> [TASK]:
Images are not wanted; transcribe the rest of the listing exactly.
╭─ SOURCE INFORMATION
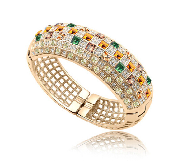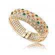 Brazalete en baño de oro amarillo de 18 quilates, fino diseño con incrustaciones de cristales corte princesa en colores ámbar, blanco y verde. Fabricado en una estructura de aleación de platino con rodio sin níquel.
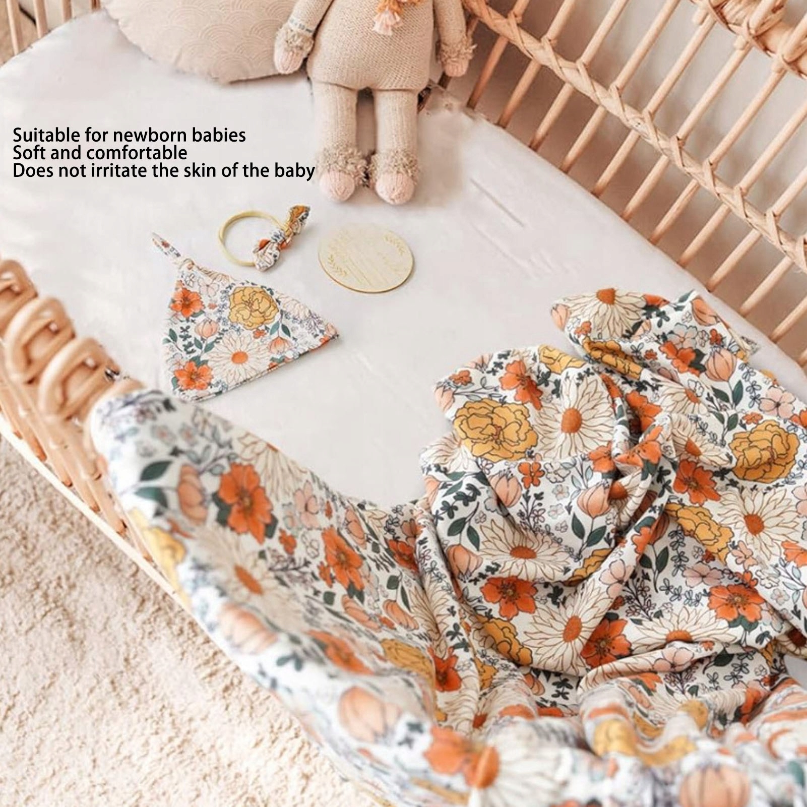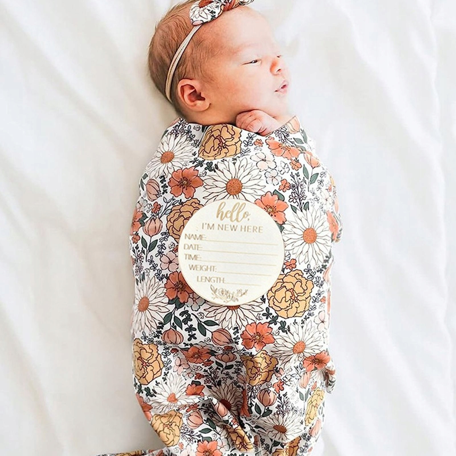 4. Набор из четырех элементов: набор новорожденных цветочных принтов содержит упаковку полотенца, шляпу, полосу для волос и месяц для различных потребностей.
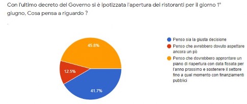 APRIRE L’1 GIUGNO è GIUSTO? Per il 45,8% servirebbe un piano di riapertura con data fissata al prossimo anno, con finanziamenti pubblici di sostegno”. C’è invece un 41, 7% più ottimista che ha voglia di verificare se vi sono condizioni effettive per ripartire.
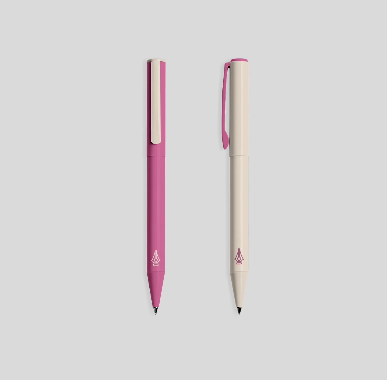 gri zemin uzerinde pembe - bej iki adet plastik kalem
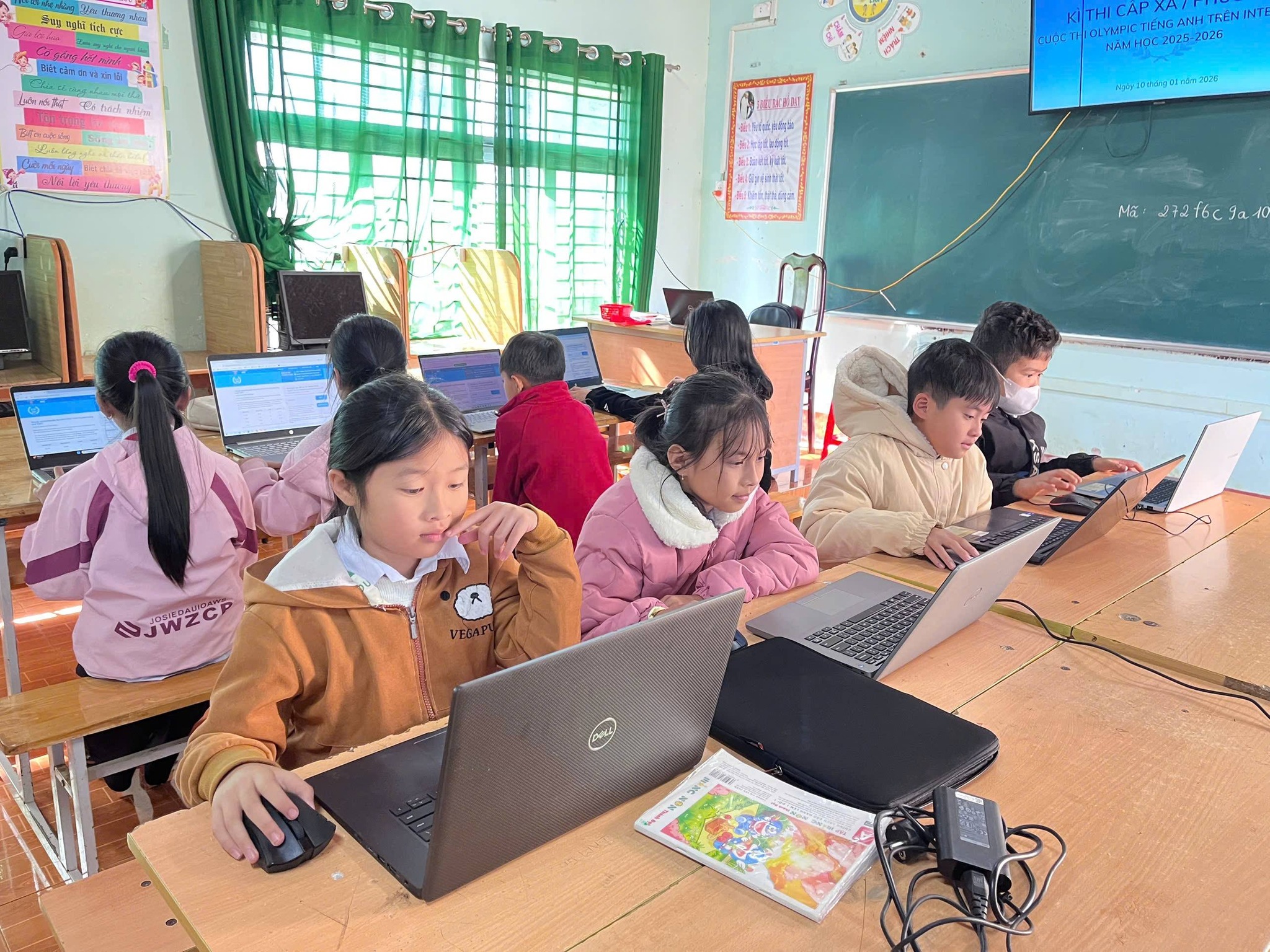 Kì thi là sân chơi trí tuệ bổ ích, giúp học sinh rèn luyện kỹ năng tiếng Anh, phát huy tư duy, sự tự tin và khả năng ứng dụng công nghệ thông tin trong học tập. Các em học sinh tham gia với tinh thần nghiêm túc, quyết tâm cao, thể hiện sự nỗ lực và niềm đam mê học tập.
╰─
> [OUTPUT BELOW]:
 Brazalete en baño de oro amarillo de 18 quilates, fino diseño con incrustaciones de cristales corte princesa en colores ámbar, blanco y verde. Fabricado en una estructura de aleación de platino con rodio sin níquel.
 4. Набор из четырех элементов: набор новорожденных цветочных принтов содержит упаковку полотенца, шляпу, полосу для волос и месяц для различных потребностей.
 APRIRE L’1 GIUGNO è GIUSTO? Per il 45,8% servirebbe un piano di riapertura con data fissata al prossimo anno, con finanziamenti pubblici di sostegno”. C’è invece un 41, 7% più ottimista che ha voglia di verificare se vi sono condizioni effettive per ripartire.
 gri zemin uzerinde pembe - bej iki adet plastik kalem
 Kì thi là sân chơi trí tuệ bổ ích, giúp học sinh rèn luyện kỹ năng tiếng Anh, phát huy tư duy, sự tự tin và khả năng ứng dụng công nghệ thông tin trong học tập. Các em học sinh tham gia với tinh thần nghiêm túc, quyết tâm cao, thể hiện sự nỗ lực và niềm đam mê học tập.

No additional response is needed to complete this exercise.